Every year around November, a news item pops up on most UK media platforms saying that from this day until the end of the year, women are working for nothing. This is presented as an illustration of the gender pay gap, the discrepancy between what men and women earn in the UK.

The gender pay gap has become another fact that is promoted widely, including by respectable publications. Earlier this year the Financial Times (April 23, 2019) reported that "there are still no sectors in the UK economy where women are paid the same as men" and that "the median pay gap this year [2018] was 11.9%". These are shocking facts. This suggests that women in UK workplaces are being actively discriminated against by employers. It might therefore be considered perfectly reasonable for women to assume that such discrimination does apply to them and that their contribution will not be fairly valued. It might also be reasonable to demand that companies and government develop further policies to correct this inequality.

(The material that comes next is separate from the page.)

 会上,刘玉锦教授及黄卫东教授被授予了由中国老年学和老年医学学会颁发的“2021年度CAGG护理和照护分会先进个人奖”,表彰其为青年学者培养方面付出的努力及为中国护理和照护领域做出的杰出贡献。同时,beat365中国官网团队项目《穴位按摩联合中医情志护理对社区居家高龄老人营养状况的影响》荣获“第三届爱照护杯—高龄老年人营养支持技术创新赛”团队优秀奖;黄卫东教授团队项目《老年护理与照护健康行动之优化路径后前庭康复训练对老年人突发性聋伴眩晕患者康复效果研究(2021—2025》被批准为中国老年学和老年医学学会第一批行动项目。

The impact of this information is significant: it is demoralising, divisive and harmful. In our coaching work we regularly encounter women and men concerned about this situation and struggling to know how to address it, both for themselves and their teams. For a woman to assume, based on the presentation of these facts, that her male counterparts are paid more, is corrosive.

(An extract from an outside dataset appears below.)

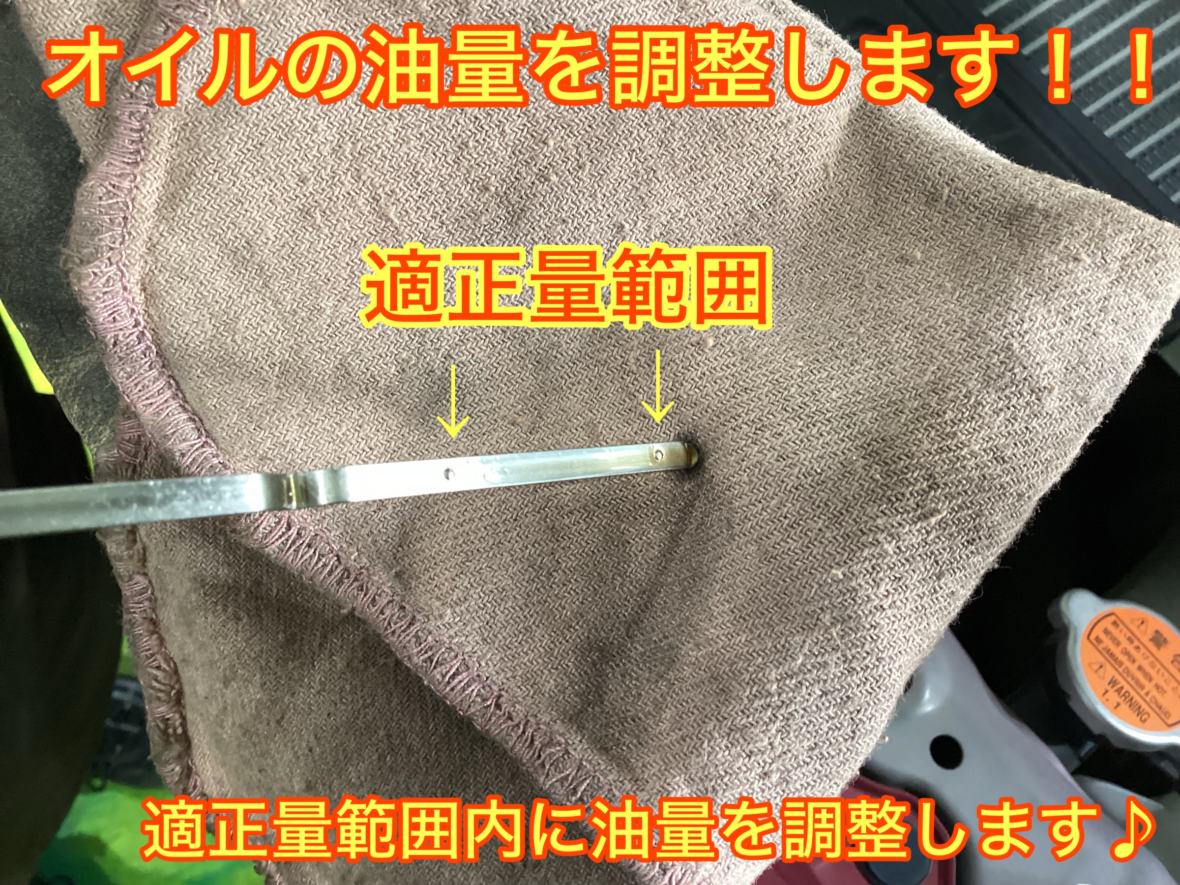 新しいオイルをある程度適正量入れ、エンジンを回して止めて少し置いてから

So how would that look if we knew that that information was misleading?

In the 2018 figures reported by the FT, 10,428 employers disclosed what they paid per hour to their men and women. Of these, 1,421 companies pay women more than men, while 8,113 pay men more than women. That is the gender pay gap. Yet when you probe a little (but not much) deeper a rather different picture emerges. What the headlines don't state, and it seems they actively obscure, is that these figures are based on a comparison of hourly rates of pay across all jobs across the UK. As the Office for National Statistics (the government office which measures and provides gender pay gap data) states, the gender pay gap "is not a measure of the difference in pay between men and women for doing the same job". Therefore these are not comparable numbers - it's like comparing apples with oranges. Regardless of age, qualifications, type of job, full- or part-time, seniority and experience, all hourly rates are thrown in together. EasyJet provides a classic illustration of this - their gender pay gap for 2018 is reported as a whopping 54%. However this is because their pilots who are 94% male earn considerably more than their cabin crew who are 70% female. Their (then female) CEO and leadership team have set a target for 20% of pilots to be female by 2020 - a target they are struggling with as there are very few female pilots qualifying, despite targeted initiatives to encourage them to do so.

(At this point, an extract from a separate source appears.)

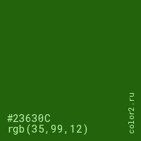 Цвет #23630C в цветовой модели RGB обозначается тремя октетами (35, 99, 12) в десятичном формате и #23630C в шестнадцатиричном (hex) формате, которые являются интенсивностью красного 35 (hex 23), интенсивность зелёного 99 (hex 63) и интенсивность синего 12 (hex 0C).

When you compare like with like (comparable jobs and comparable sectors) a very different picture emerges:

  • For men and women between the ages of 18 and 39 the gender pay gap is virtually zero (it widens after the age of 40)

  • For men and women in part time work aged between 30 and 39 there is a negative pay gap (i.e. women earn more than men)

This presents an entirely different picture to the emphasis touted by virtually all mainstream UK media. These figures are encouraging, suggesting that the 1970s Equal Pay legislation is working its way through the age range. They reveal a significantly improved - and improving - picture and that younger women are benefiting from it. 

Among older employees a greater number of men than women are in senior positions, partly through having better opportunities in earlier years, and therefore they earn more. Women tend to take more time out from their careers for family reasons and are more likely to work part-time, so they earn less. On average, men tend to work longer hours and are more likely to work in dangerous, high risk or unsocial roles which typically pay more. For a long time many women have been unfairly treated in the workplace and their careers and earnings have been significantly impacted (as many of us have experienced directly) but all of these factors notwithstanding, year-on-year the trend is for significant positive change.

The gender pay gap is yet another topic that seems to have become the cause de jour for those keen to virtue-signal their woke credentials. Weaponising this data to further such a political agenda actually harms women (and men) and creates yet more completely unnecessary tension and pessimism. In reality, there is more to do but also much to celebrate in this improving picture.